**Required work**
Return all entries word for word, but drop any images.

**Listed records**
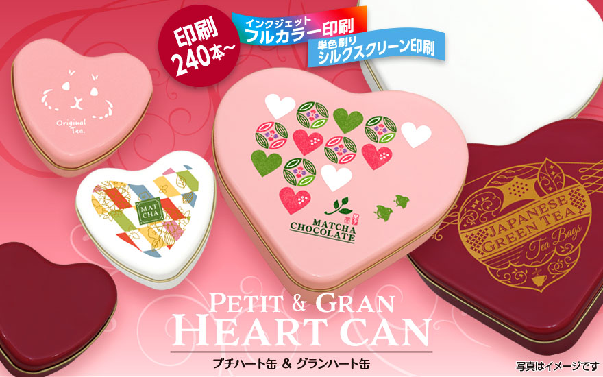 手にスッポリと収まる小さな「プチハート缶」、様々な用途に使える「グランハート缶」。カラーは「ホワイト」、「ミルキーピンク」、「ボルドー」の3色をご用意、100個からご購入できます!
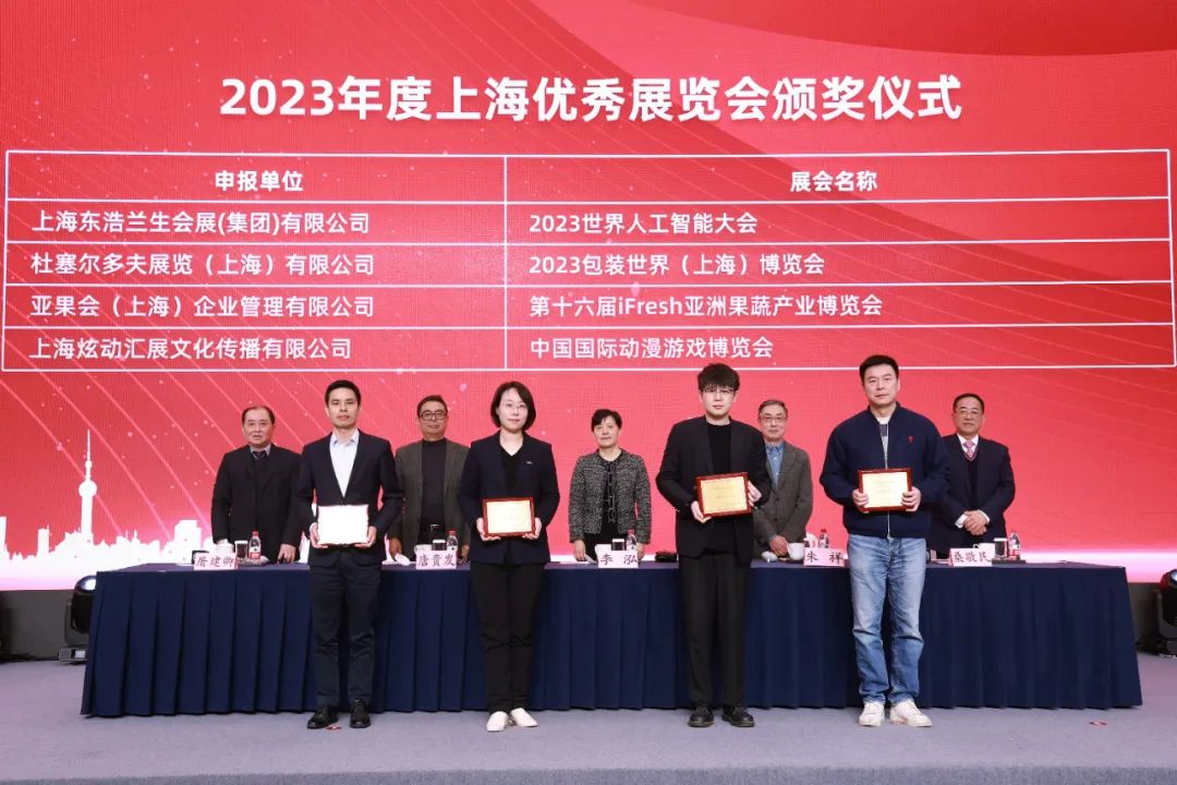 本次评优活动共评选出20个展览会授予“2023年度上海品牌展览会”称号, 55个展览会授予“2023年度上海优秀展览会”称号,并在本次颁奖典礼上进行荣誉表彰。
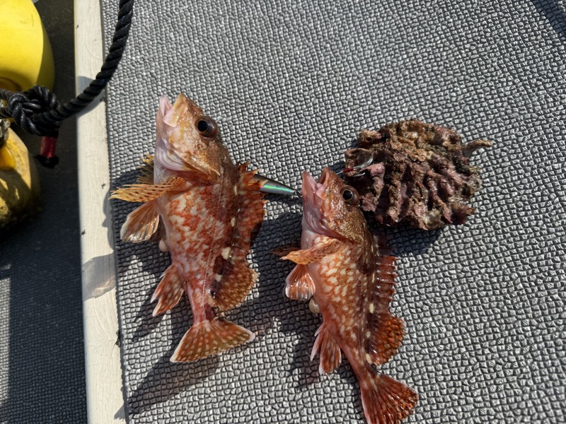 まさかのカサゴの2匹掛け+貝殻。。(笑)
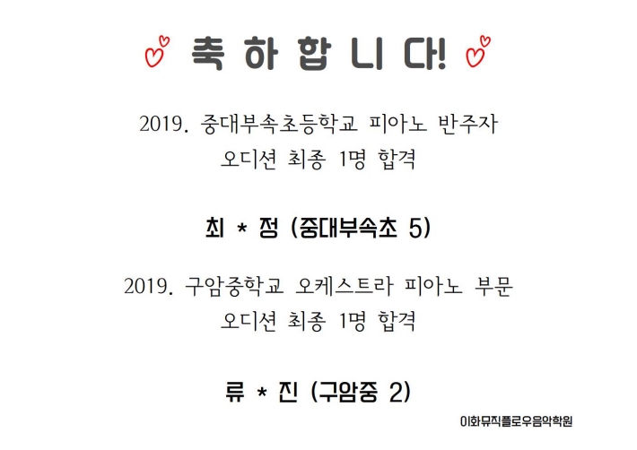 19년 2,3월 콩쿨 수상,오디션 합격을 축하합니다~*
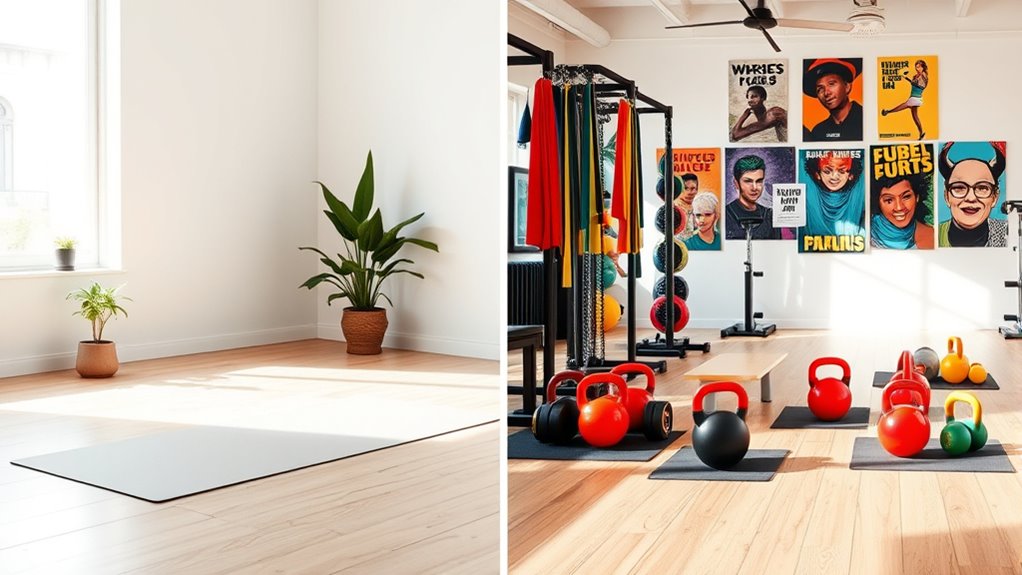 Think of your fitness goals as a compass—some aim for clarity, others for variety. If you seek focused progress with high training intensity and fewer sessions, minimalist routines suit you best. For those craving diverse challenges and high workout frequency, maximalist styles help push boundaries. Choose based on whether your goal values streamlined efficiency or broad exploration, aligning your approach with your desired journey and outcomes.
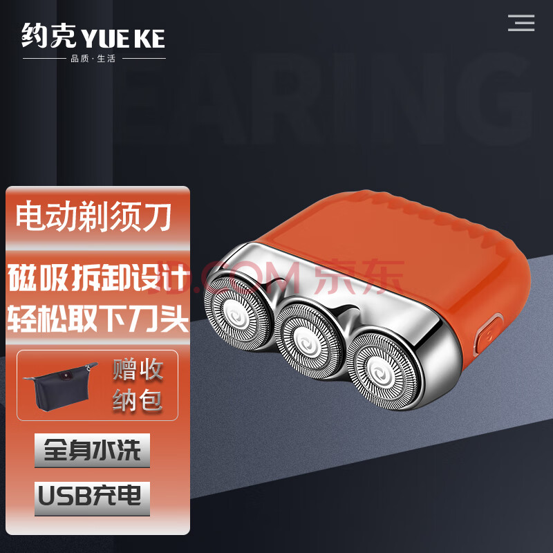 商品相册:约克(YUEKE) 男士电动剃须刀男 便携式迷你刮胡刀 送老公七夕情人节礼物 MINI有多色胡须刀 YK-358橙色第
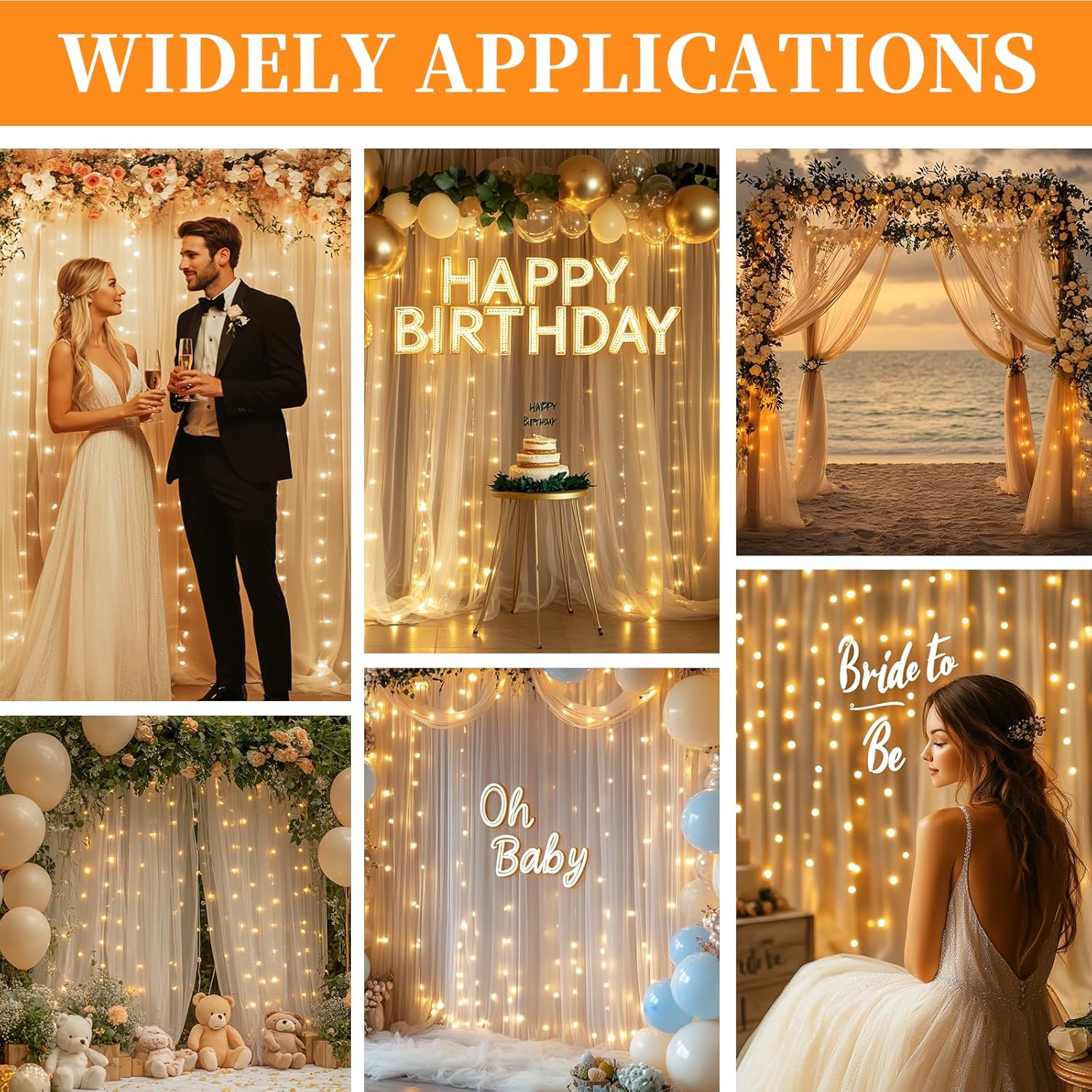 - Easy Setup & Reusable Decor: Designed for convenience, the tulle curtain features a 2.5-inch rod pocket for easy hanging on pipes or stands. Includes 12 Transparent clips make the lights simple to hang and secure to the backdrop, adding a warm, inviting glow. Reusable and easy to store, this set is perfect for multiple events

**Your solution**
 手にスッポリと収まる小さな「プチハート缶」、様々な用途に使える「グランハート缶」。カラーは「ホワイト」、「ミルキーピンク」、「ボルドー」の3色をご用意、100個からご購入できます!
 本次评优活动共评选出20个展览会授予“2023年度上海品牌展览会”称号, 55个展览会授予“2023年度上海优秀展览会”称号,并在本次颁奖典礼上进行荣誉表彰。
 まさかのカサゴの2匹掛け+貝殻。。(笑)
 19년 2,3월 콩쿨 수상,오디션 합격을 축하합니다~*
 Think of your fitness goals as a compass—some aim for clarity, others for variety. If you seek focused progress with high training intensity and fewer sessions, minimalist routines suit you best. For those craving diverse challenges and high workout frequency, maximalist styles help push boundaries. Choose based on whether your goal values streamlined efficiency or broad exploration, aligning your approach with your desired journey and outcomes.
 商品相册:约克(YUEKE) 男士电动剃须刀男 便携式迷你刮胡刀 送老公七夕情人节礼物 MINI有多色胡须刀 YK-358橙色第
 - Easy Setup & Reusable Decor: Designed for convenience, the tulle curtain features a 2.5-inch rod pocket for easy hanging on pipes or stands. Includes 12 Transparent clips make the lights simple to hang and secure to the backdrop, adding a warm, inviting glow. Reusable and easy to store, this set is perfect for multiple events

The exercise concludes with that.